- **WHAT NEEDS TO BE DONE**: In this exercise, the entries below include pictures. Repeat exactly the lines from the line with "De acuerdo con" to the line with "Producent Baseus Name", including both, but without the pictures.

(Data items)
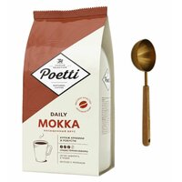Кофе в зернах Poetti Mokka Арабика/Робуста, высокая интенсивность 1 кг + ложка
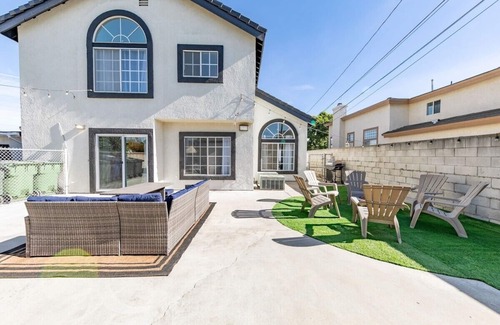 The perfect home away from home awaits with this exquisite 4 bedroom 3 bathroom centrally situated to visit all the sites of LA and Orange County. Upon entry, the foyer opens up to the game room and dining area. The open concept kitchen and family room creates the perfect space for gatherings. The kitchen is fully equipped for creating unforgettable feasts. The second floor is a restful retreat with a master bedroom that includes an immaculate en-suite bathroom, 2 additional bedrooms and 1 bathroom. The 4th bedroom is located on the 1st floor. There is also a full bathroom downstairs. The enclosed patio area is a place to relax and enjoy your morning cup of joe or evening wine. Then enjoy meaningful conversations while roasting marshmallows around the fire pit. The little ones will have plenty of entertainment with an air hockey table, skeeball, and board games. Whether you’re a family or group of friends looking for a peaceful retreat, this home will provide you with the perfect sanctuary.
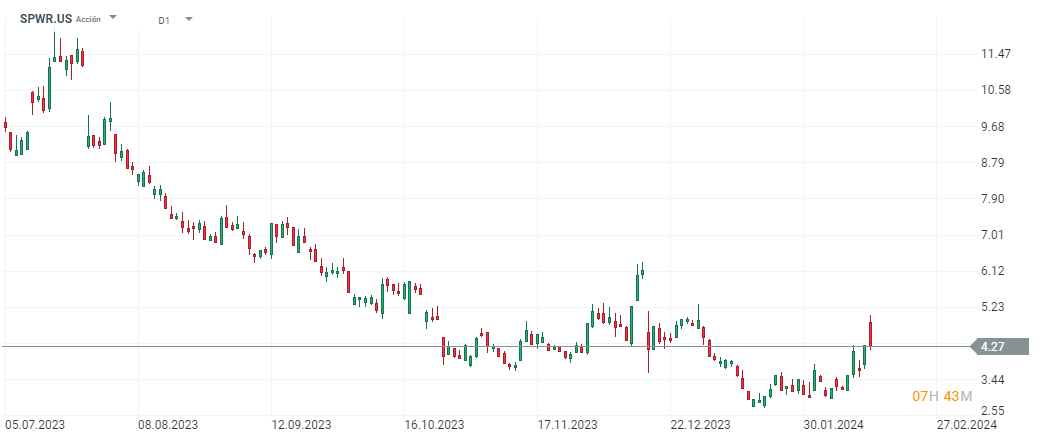 A pesar de no alcanzar las expectativas del mercado en los ingresos del cuarto trimestre debido a la débil demanda y la reticencia de los consumidores a invertir en energías limpias, las acciones de SunPower han iniciado la sesión con subidas vertiginosas que han ido poco a poco reduciendo, después de obtener 175 millones de dólares en nueva financiación de capital a través de Total Energies y Global Infrastructure Partners, accionistas mayoritarios de la firma.
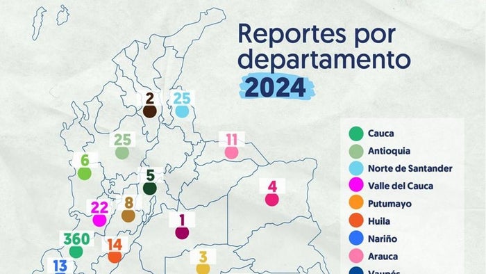 De acuerdo con la Defensoría del Pueblo, para el caso del 2024, el monitoreo institucional identificó 541 casos de reclutamiento de menores de edad, de ellos, 325 fueron niños y adolescentes y 216 niñas y adolescentes. De estos casos, el Cauca encabeza la lista con 360 menores víctimas, seguido de Antioquia con 25 casos.
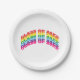 Class of 2024 rainbow colors custom rainbow curved text typography modern fun graduation Party paper plates.
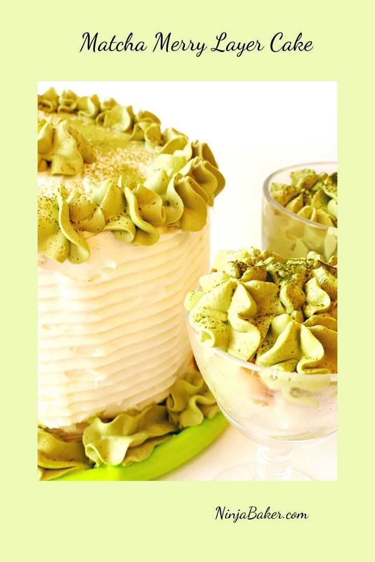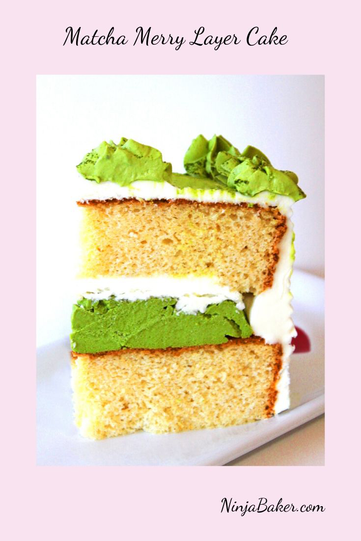Matcha Merry Layer Cake is like a Japanese tea ceremony in one bite! Edgy matcha green tea flavor complements sweet vanilla frosting and fluffy cake. Plus, the matcha mousse blends harmoniously with the other elements of the cake.
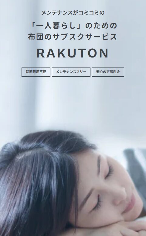 RAKUTONは、寝具一式をまとめて利用できる布団サブスクサービスのひとつです。
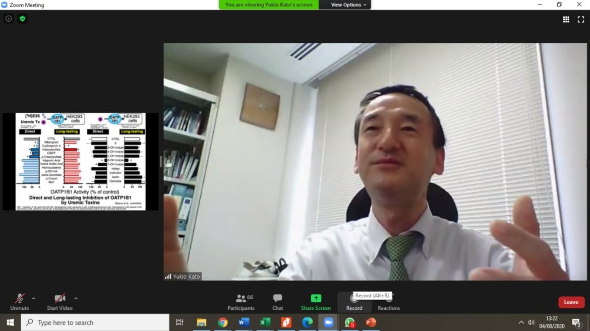 Prof. Kato juga menjelaskan tiga hasil penelitian yang berkaitan dengan topik penelitiannya. Salah satunya, penelitian tentang profil farmakokinetika metabolit aktif dari obat antikanker irinotecan, yaitu SN-38 pada pasien gagal ginjal.
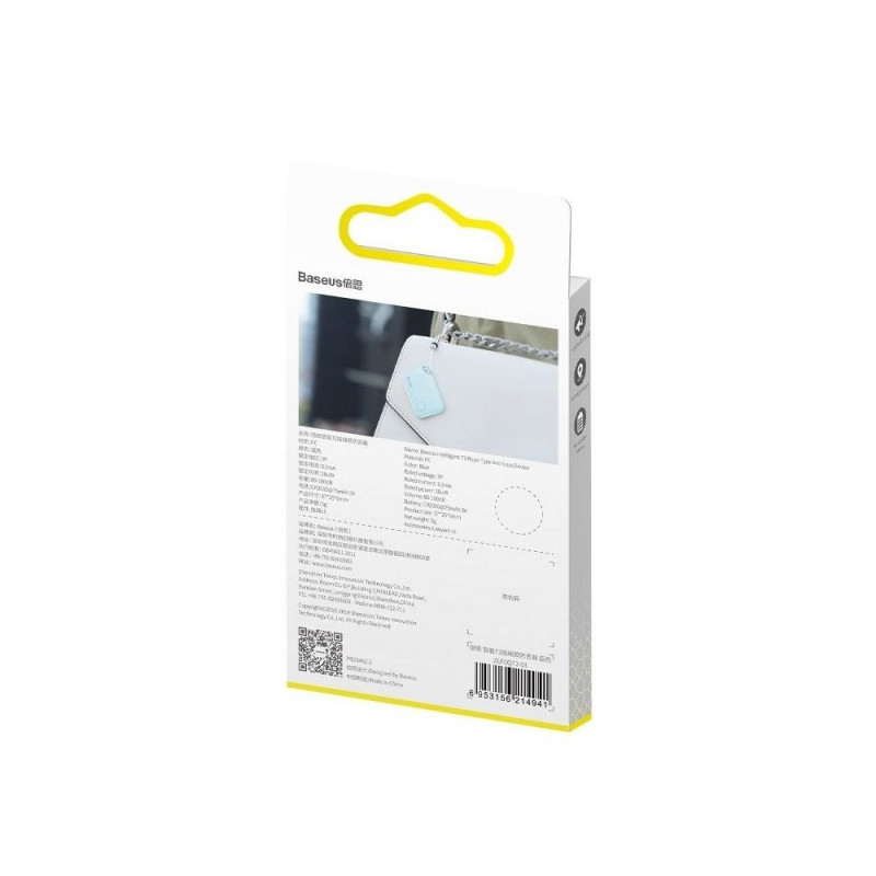 Producent Baseus Name Intelligent T2 rope type anti-loss device Product code ZLFDQT2-03 Material PC Color Blue Power supply Battery button 3V, 75 mAh (changeable) Battery lifespan around 6 months Loudness 80-100 dB Dimensions 37 x 25 x 6 mm Weight 5 g Number of locators supported simultaneously Android: max. 4, iOS; max. 6
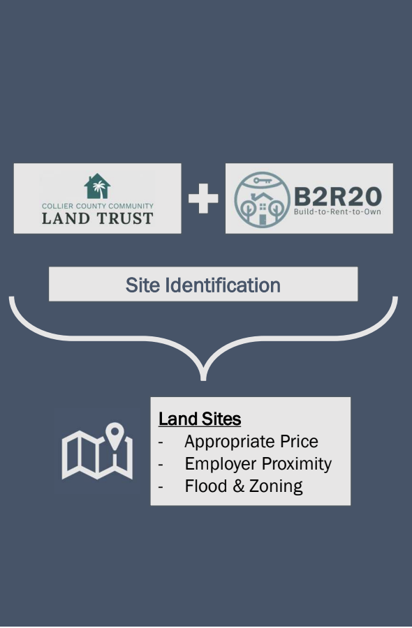 We identify and acquire land sites in Collier County that are suitable for workforce housing. We prioritize parcels that are under- or undeveloped, within proximity to major employers, and meet key criteria such as zoning compatibility, flood safety, and affordability. Site partnerships are often formed with the Collier County Community Land Trust (CCCLT).
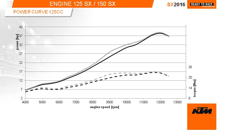 Двухтактное семейство тоже было подвергнуто радикальному улучшению. У KTM 125/150 SX тоже появился новый двигатель. Компактный картер, сбросивший лишние 600 г., новый цилиндр, шатунная сборка и совершенно новая шестиступенчатая коробка передач облегчили новый мотор на 2 кг! Менять свою двухтактную 250-ку в 2016 году австрийцы не стали, отшутившись, что этот мотоцикл и так практически идеален. Детские модели также не изменились, лишь обзавелись обновленными сиденьями, фирменным защитным пластиком в новом корпоративном стиле и некоторыми, не столь значительными инженерными нововведениями.
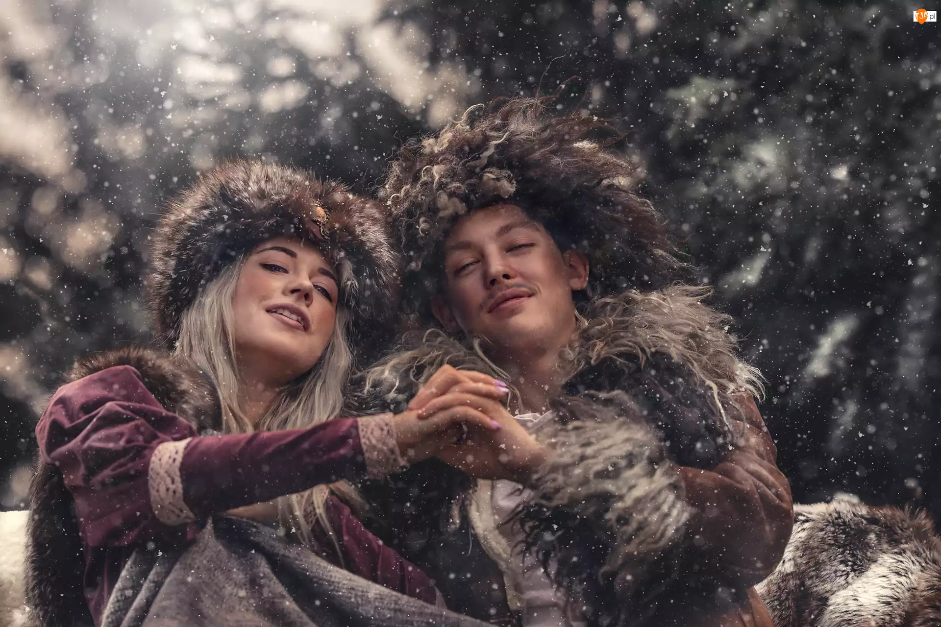 Śnieg, Kobieta, Mężczyzna, Czapki
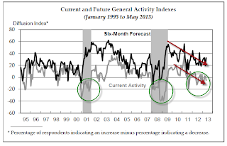 Note that manufacturers in the Philly region are especially clueless during recessions as to how fast things will improve. They can be wildly off at other times too, as shown by the black ovals.
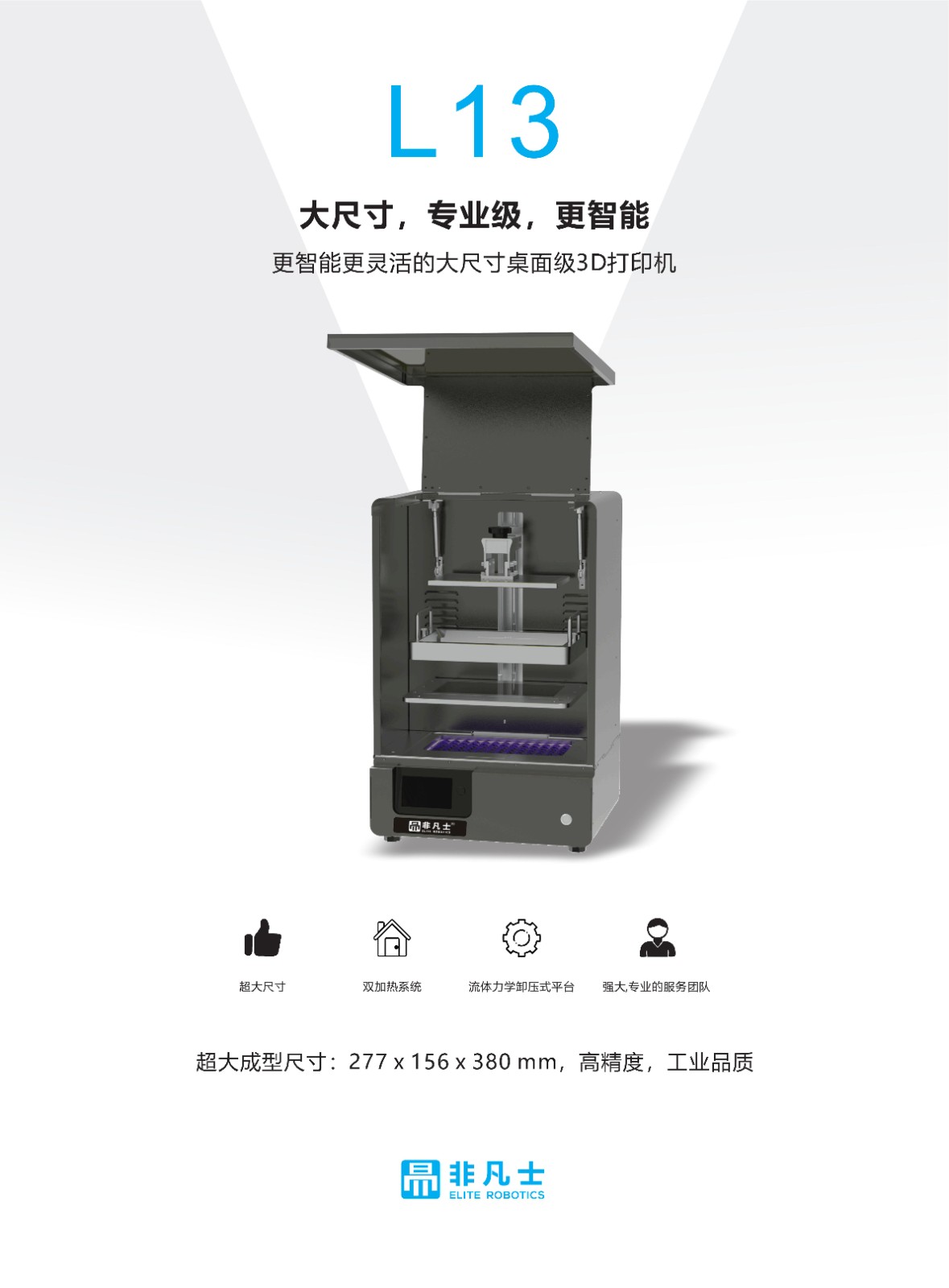 非凡士L13光固化3D打印機,采用自研陣面光源技術,確保打印精度和模型質量。工業P級高精度雙導軌設計,實現卓越穩定性和細節表現力。主動干預雙加熱系統,適應不同環境需求。支持z軸動態控制,滿足特殊打印需求。完全適配第三方樹脂,提供多樣化材料選擇。

- **YOUR RESPONSE**:
 De acuerdo con la Defensoría del Pueblo, para el caso del 2024, el monitoreo institucional identificó 541 casos de reclutamiento de menores de edad, de ellos, 325 fueron niños y adolescentes y 216 niñas y adolescentes. De estos casos, el Cauca encabeza la lista con 360 menores víctimas, seguido de Antioquia con 25 casos.
 Class of 2024 rainbow colors custom rainbow curved text typography modern fun graduation Party paper plates.
Matcha Merry Layer Cake is like a Japanese tea ceremony in one bite! Edgy matcha green tea flavor complements sweet vanilla frosting and fluffy cake. Plus, the matcha mousse blends harmoniously with the other elements of the cake.
 RAKUTONは、寝具一式をまとめて利用できる布団サブスクサービスのひとつです。
 Prof. Kato juga menjelaskan tiga hasil penelitian yang berkaitan dengan topik penelitiannya. Salah satunya, penelitian tentang profil farmakokinetika metabolit aktif dari obat antikanker irinotecan, yaitu SN-38 pada pasien gagal ginjal.
 Producent Baseus Name Intelligent T2 rope type anti-loss device Product code ZLFDQT2-03 Material PC Color Blue Power supply Battery button 3V, 75 mAh (changeable) Battery lifespan around 6 months Loudness 80-100 dB Dimensions 37 x 25 x 6 mm Weight 5 g Number of locators supported simultaneously Android: max. 4, iOS; max. 6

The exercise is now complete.